I draw from this a number of principles on intelligence. Do not imagine you know the intent of an enemy’s leader. What leaders want to do and what they must do are different things. Leaders don’t become leaders without crafting an image of themselves and hiding their deeper thoughts. They are leaders, whether democratic or dictatorial, because they have understood what it takes to become and stay a leader. They did that by having a public mind that is designed to maintain power in the mode appropriate to their nation. The reality of their thinking is hidden to thwart a view of their fears, hopes, ruthlessness and pleasures.
Do not trust sources because they may lie, may not know, or may have been sent to mislead you. We humans are deceptive, and having access to the general’s wife doesn’t get you much more than bribes or blackmail. Counterintelligence does not depend on truth. Counterintelligence is easier than intelligence.
Focus on the nation and what it must have as a nation. Leaders become leaders and survive by knowing this. They act on it but rarely reveal it.
Know what a nation can’t do. That is the most important thing. If you know what is impossible, you will know what is possible, and that limits surprises.
The personal is anything that is communicated personally or electronically to someone who you believe is not deliberately talking and hoping to be intercepted and believed.

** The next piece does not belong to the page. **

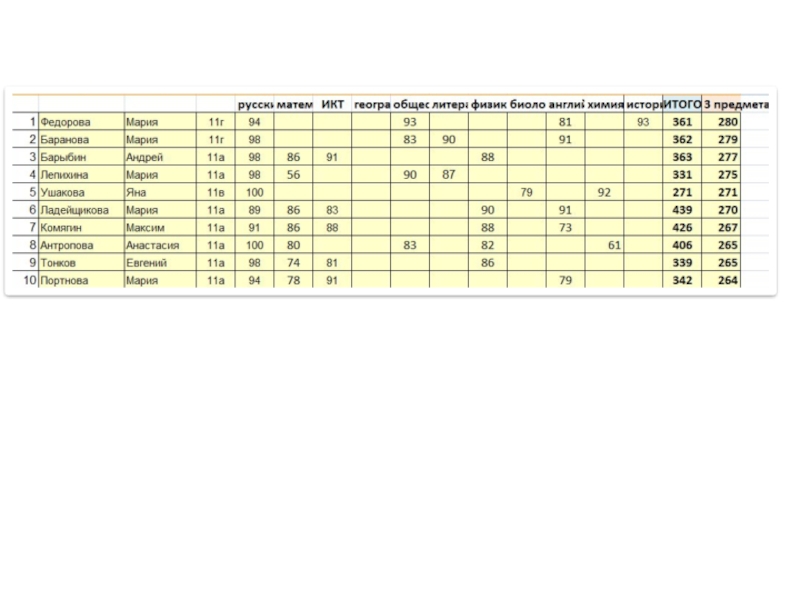 109 отличников: 14+11+13+10+17+16+28 = 109;

Note that this does not apply to intelligence about the available military force. On this, intelligence is indispensable, for it helps define the impossible.
Analysis can get a glimpse of national imperatives and constraints not just between two nations but concerning all involved. The role of intelligence is to know what must and what can happen. This must first be known on the broadest level, and that must guide intelligence on a more detailed level. This is the Israeli lesson. They have learned and even published it. What conclusions they draw about improving intelligence will almost certainly not be mine. Depending on the Hamas leader's personality type is a dicey proposition.